2003: Israel Harold "Izzy" Asper, Canadian tax-lawyer, media magnate and leader of the Canadian Jewish community passed away.

2005: Sarah Levy-Tanai, founder of the Inbal dance troupe and one of the country's most important choreographers was laid to rest. She had passed away at the age of 95.

2005: The legendary Israeli basketball guard Doron Sheffer announced his retirement. The Israeli native had played on championship teams at the University of Connecticut. He was the first Israeli to be chosen in the N.B.A. draft. Sheffer passed up a chance to play with the Los Angeles Clippers and returned to Israel where he played for Maccabi Tel Aviv and Hapoel Jerusalem.
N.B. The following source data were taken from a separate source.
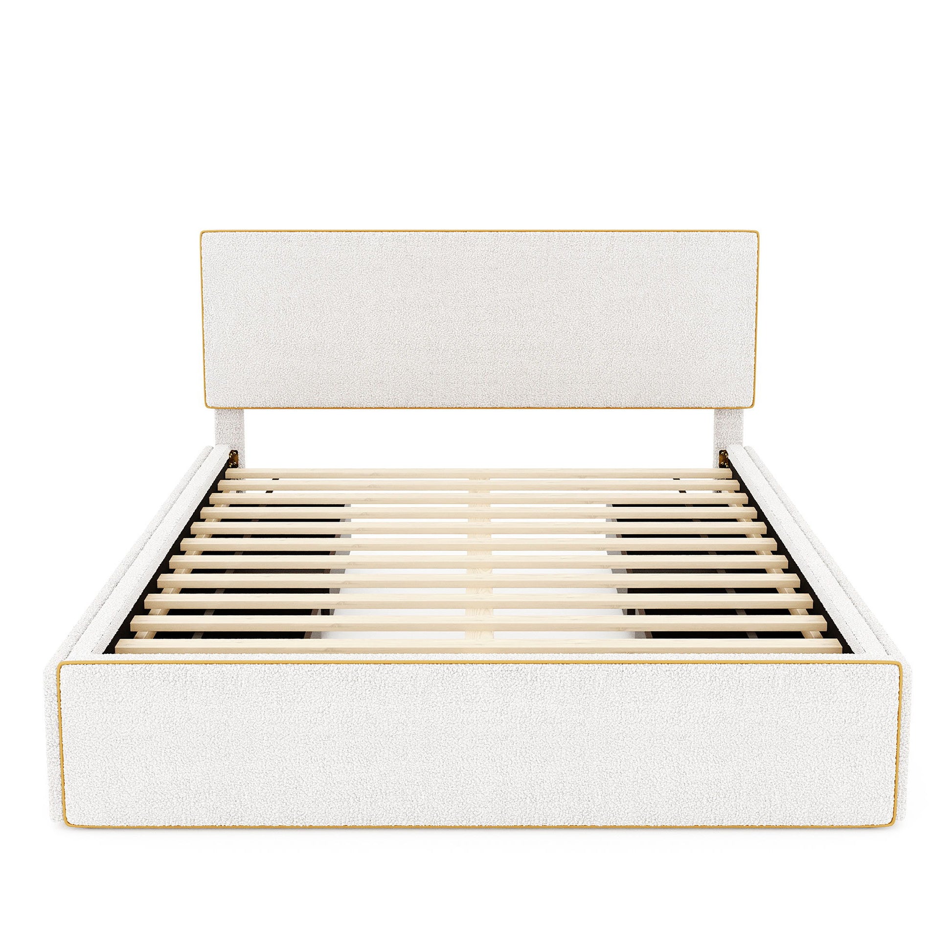 Queen Size Upholstered Platform Bed With 4 Drawers And Golden Edge On The Headboard & Footboard - White
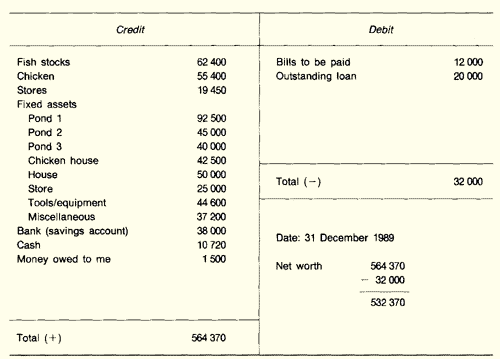 22. In Sections 16.5 and 16.6, you will learn how to keep good records on your fish farm to be able to know, at regular intervals, your total income from fish sales, your related operating costs and, if necessary, your depreciation costs. From these data, commercial farmers will obtain an estimate of gross and net profits. They will then be able to assess in a more precise way their performance as a commercial fish farmer and to improve this performance through management practices (see Section 16.7).
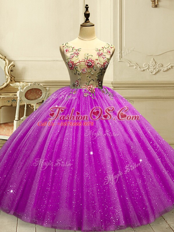 Scoop Sleeveless Tulle Ball Gown Prom Dress Appliques and Sequins Lace Up
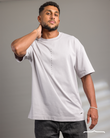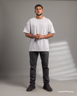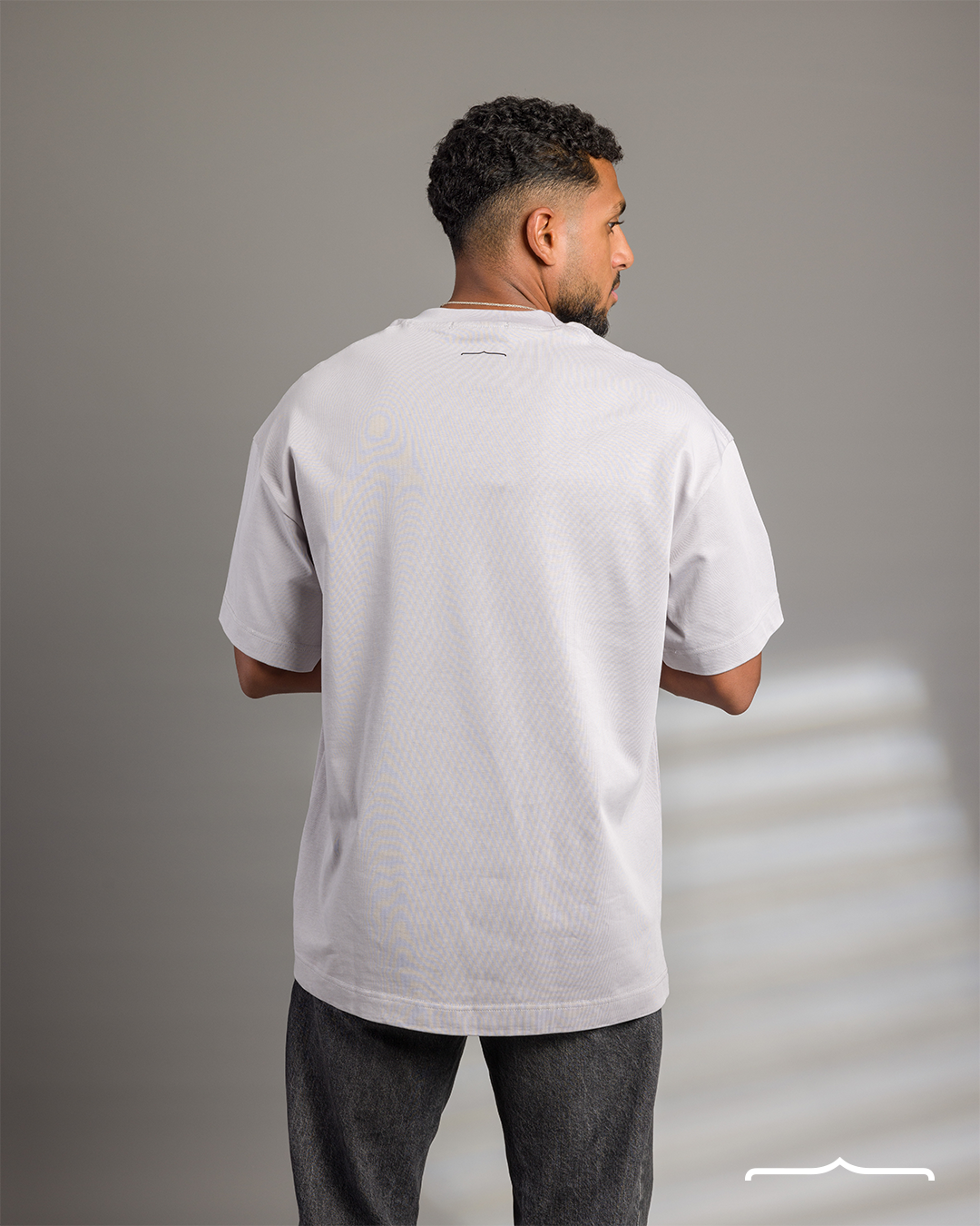 An oversized, round-neck t-shirt with a simple design and "free spirited" written vertically on the front.
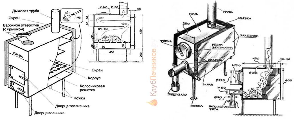 Простейшие конструкции дачных и гаражных буржуек разбирать бессмысленно – подобных чертежей в интернете хватает. Предлагаем рассмотреть более эффективные, а значит, экономичные модели с доработками, увеличивающими теплоотдачу и КПД железных печей.
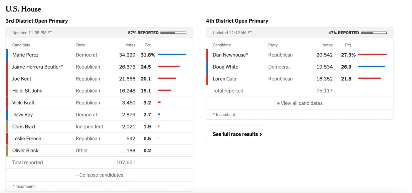 Trump aleyhine oy kullanan iki Cumhuriyetçi Temsilciler Meclisi üyesi Dan Newhouse ve Jaime Herrera Beutler ise önseçimlerde Trump’çı adayları yenerek aday olma hakkı kazandı. Trump, azil oylamasında kendisi aleyhine oy kullanan Cumhuriyetçilerin karşısına önseçimlerde Trump’çı adayları çıkartarak parti içi muhalefeti sıfıra indirmeyi amaçlıyor.
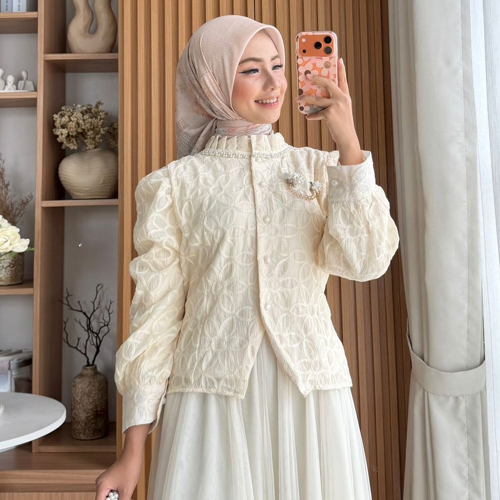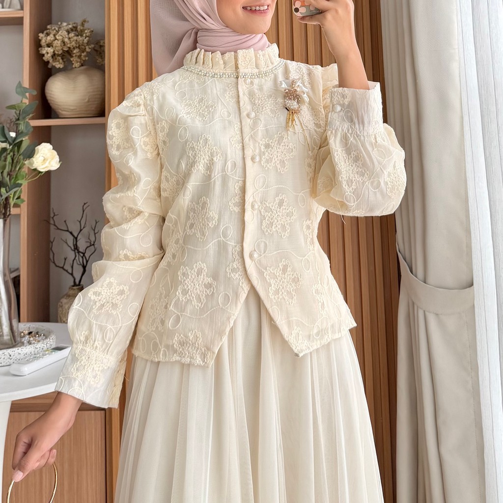 Alice Blouse Pearl Flower Embroidery - Full Furing
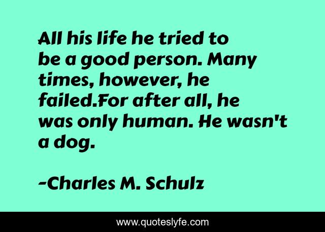 This page presents the quote "All his life he tried to be a good person. Many times, however, he failed.For after all, he was only human. He wasn't a dog.". Author of this quote is Charles M. Schulz. This quote is about animals, humans, dogs,.
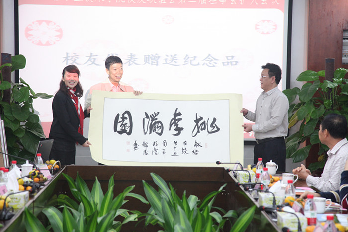 為了慶祝母校建校55周年,校友代表通過贈(zèng)送母校禮物表達(dá)了對(duì)母校的愛及感恩之情。八九屆校友向?qū)W校贈(zèng)送了他們親自設(shè)計(jì)制作的紀(jì)念品"雕 鑿",河源校友袁瑞強(qiáng)、廖懷志送了一份校慶紀(jì)念品,汕尾校友施錦濤把他的墨寶——一幅字畫"桃李滿園"獻(xiàn)給母校,學(xué)院領(lǐng)導(dǎo)欣喜地接受了禮物,感謝各地、各界校友對(duì)母校的情誼。校友聯(lián)誼會(huì)送給校友們的禮物是兩本紀(jì)念冊(cè),一本是名為《母校記憶》的校友回憶錄,一本是名為《培桃育李滿天下》的校友名錄,這也是送給母校55周年的生日禮物。接下來老校長何斌教授、湯少明教授談到了他們的感受和期望,他們感慨學(xué)院55年來創(chuàng)業(yè)的艱辛,祝愿并寄語學(xué)院的明天會(huì)更好!他們還對(duì)校友們提出了很高的期望,熱切地希望各位校友理事一如既往地關(guān)心和支持學(xué)院的建設(shè)與發(fā)展。校友聯(lián)誼會(huì)副會(huì)長,65屆工民建建筑學(xué)本科班陳中翰代表校友會(huì)理事發(fā)言,他表達(dá)了對(duì)母校培育的感激之情。他說,一界又一屆學(xué)子從母校身上汲取力量,走上了人生創(chuàng)業(yè)發(fā)展之路,今后無論身在何時(shí)、何地,都會(huì)始終牢記母校和老師們的諄諄教誨,不斷加強(qiáng)學(xué)習(xí)和歷練,不斷提高自己的道德素質(zhì)和職業(yè)能力,在各自的工作崗位上實(shí)現(xiàn)新的更大的人生價(jià)值,為母校爭光添彩。各地校友代表也做了發(fā)言。校友聯(lián)誼會(huì)會(huì)長陳杰倫副教授一直在指導(dǎo)校友聯(lián)誼會(huì)開展工作,他談到了對(duì)校友會(huì)工作的展望,他期望校友們?yōu)閷W(xué)校發(fā)展獻(xiàn)計(jì)、獻(xiàn)策、獻(xiàn)力,建言立論,共商辦學(xué)大計(jì),為學(xué)校繼往開來,再譜新篇,再作貢獻(xiàn)。

He led Hapoel Jerusalem to its first European title when it defeated Real Madrid in the ULEB Cup final.

2007: The Jewish Museum of Florida presents an exhibition styled “The Art Of Rabbi Shoni Labowitz.” The artworks are inspired by the beauty and details of life, nature, women, spirituality and ritual. After a distinguished career as a rabbi, publisher and author, Shoni Labowitz is return to her lifelong dream of being an artist. The exhibit is an extension of her spirituality, evident in her style and subject matter. She says: “Whether it is feeling the bristles of the brush against the canvas, stroking color into shapes or feeling the clay beneath her hands, it is all a form of connecting with the spirituality in all things.

2007: The Sunday Washington Post book section included reviews of The Israel Lobby And U.S.Foreign Policy by John J. Mearsheimer and Stephen M. Walt and The Deadliest Lies The Israel Lobby and the Myth of Jewish Control by Abraham H. Foxman.

2007: The Sunday New York Times book section featured reviews of books by Jewish authors and/or on topics related to Judaism including Exit Ghost by Phillip Roth, The Immortalists: Charles Lindbergh, Dr. Alexis Carrel, and Their Daring Quest to Live Forever in which David M. Friedman examines the Lone Eagle’s love affair with eugenics that help explain some of his views about Hitler, the Jews and World II, You Can Lead a Politician to Water but You Can’t Make Him Think: Ten Commandments for Texas Politics by Kinky Friedman and The Journal Of Joyce Carol Oates: 1973-1982, Edited by Greg Johnson. Oates “discovered late in life her own family's Jewish history: Her grandmother, who immigrated to the United States in the 1890s, kept her religion hidden for fear of persecution. So the question arises: Can Oates' writing be characterized as distinctively Jewish?”

1 comments:

Anonymous said...

FYI: While Alfred Wallenstein (b. 10/7/1898) did guest conduct the Chicago Symphony, he was not its conductor. He was principal cellist from 1922 to 1929.